What do you need to know about the ACE Act?

Posted: November 3rd 2021

What do you need to know about the ACE Act?

Tax hikes and reforms are upon us once again. Along with the tax proposals on income tax rates, long-term capital gains and net investment income tax come a set of proposed changes for charitable giving that you will want to be aware of for your clients.

The ACE Act (Accelerating Charitable Efforts Act) is sponsored by Sen. Angus King (I-Me) and Sen. Chuck Grassley (R-IA) and would modify existing rules to donor advised funds (DAFs) as well as make modifications on excise tax and other regulations on private foundations.

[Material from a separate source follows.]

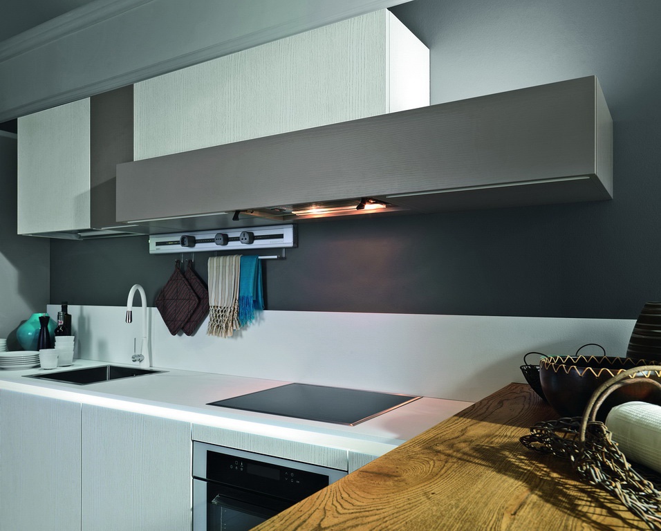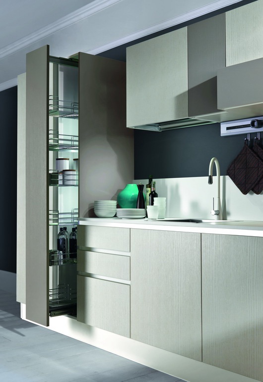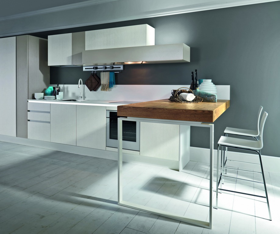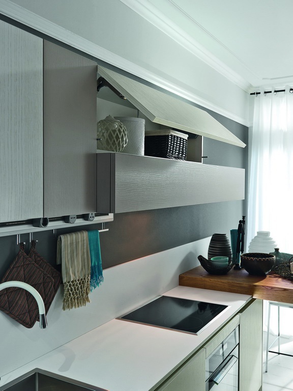 Kitchen (kitchen set) Sp.22 from the Italian manufacturer Astra. The case is natural wood. Finish - lacquered. The metal legs. The model is made in modern style. Colours in stock.

As professional advisors, you should know there are significant updates to:

  1. Restrictions on deductions for contributions to DAFs not within a community foundation

The bill defines “unqualified” and “qualified” DAFs, stating that a “qualified DAF” is one with a written agreement in place that requires the donor’s advisory privilege for any contribution to the DAF to terminate within 14 years following the year of the contribution. To receive a deduction, the donor must—at the time of the contribution—identify a preferred organization that will receive the final balance of the funds upon the termination of the DAF.

If contributions are made to an “unqualified DAF,” four restrictions apply:

  • For any non-cash contributions, a donor cannot claim the deduction until the sponsoring organization sells the contributed asset for cash and makes a qualifying distribution.
  • For any contribution, a donor cannot claim the deduction until the taxable year in which the sponsoring organization makes a qualifying distribution (or the proceeds from the sale of such contribution). This distribution cannot be made to another DAF and distributions would be treated as made from contributions (and earnings) on a first-in, first-out basis.
  • The amount of the deduction would be limited to the amount of the corresponding qualifying distribution.
  • Contributions must be distributed within 50 years of the donation, or an excise tax will be imposed on the sponsoring organization—essentially eliminating successor advisors.

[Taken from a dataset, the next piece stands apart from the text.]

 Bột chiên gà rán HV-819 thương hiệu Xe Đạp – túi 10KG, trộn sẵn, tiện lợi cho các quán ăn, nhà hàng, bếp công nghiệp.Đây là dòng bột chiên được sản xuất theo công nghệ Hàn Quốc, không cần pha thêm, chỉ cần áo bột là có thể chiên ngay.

Contributions of non-publicly traded assets: No deduction would be allowed for the contribution of non-publicly traded assets to a “qualified DAF” or a “qualified community foundation DAF” until the sponsoring organization sells the asset. The deduction would be limited to the amount of the proceeds and credited to the account of the fund identified with the donor.

  1. Restrictions on DAFs within a community foundation:
  • The bill defines a “qualified community foundation” which ensures all community foundations in the State of Indiana qualify.
  • Maximum Value of Advisory Privileges states that no individual with advisory privileges with respect to the DAF can have advisory privileges with on more than $1M, in the aggregate, held across DAFs sponsored by a community foundation.
  • The DAF must be established under a written agreement that requires qualifying distributions of at least 5% of the value of the DAF’s assets in each calendar year, similar to current private foundation regulations.
  1. Private foundation restrictions:
  • The bill would not allow private foundations to count payment to family members as administrators of their private foundation as qualifying distributions. However, it does include an exception for administrative expenses paid to foundation managers who are not family members.
  • The bill prohibits a distribution made to a DAF from being treated as part of the annual 5% payout (unless the DAF makes a qualifying distribution in the same year). Certain reporting requirements would also be required.
  • The bill exempts a private foundation that makes a significant qualifying distribution of 7% or more of the private foundation’s assets (other than its direct-use assets) from the excise tax for that taxable year.
  • A limited-duration private foundation as defined by the bill is a private foundation which, at the time of its establishment:
    • Has a duration specified in its governing documents of not more than 25 years; and
    • Makes no distributions to other private foundations which share a disqualified person in common
    • A recapture tax would apply if a private foundation initially meets these requirements at the time it is established but then later fails to meet the requirements at a later date.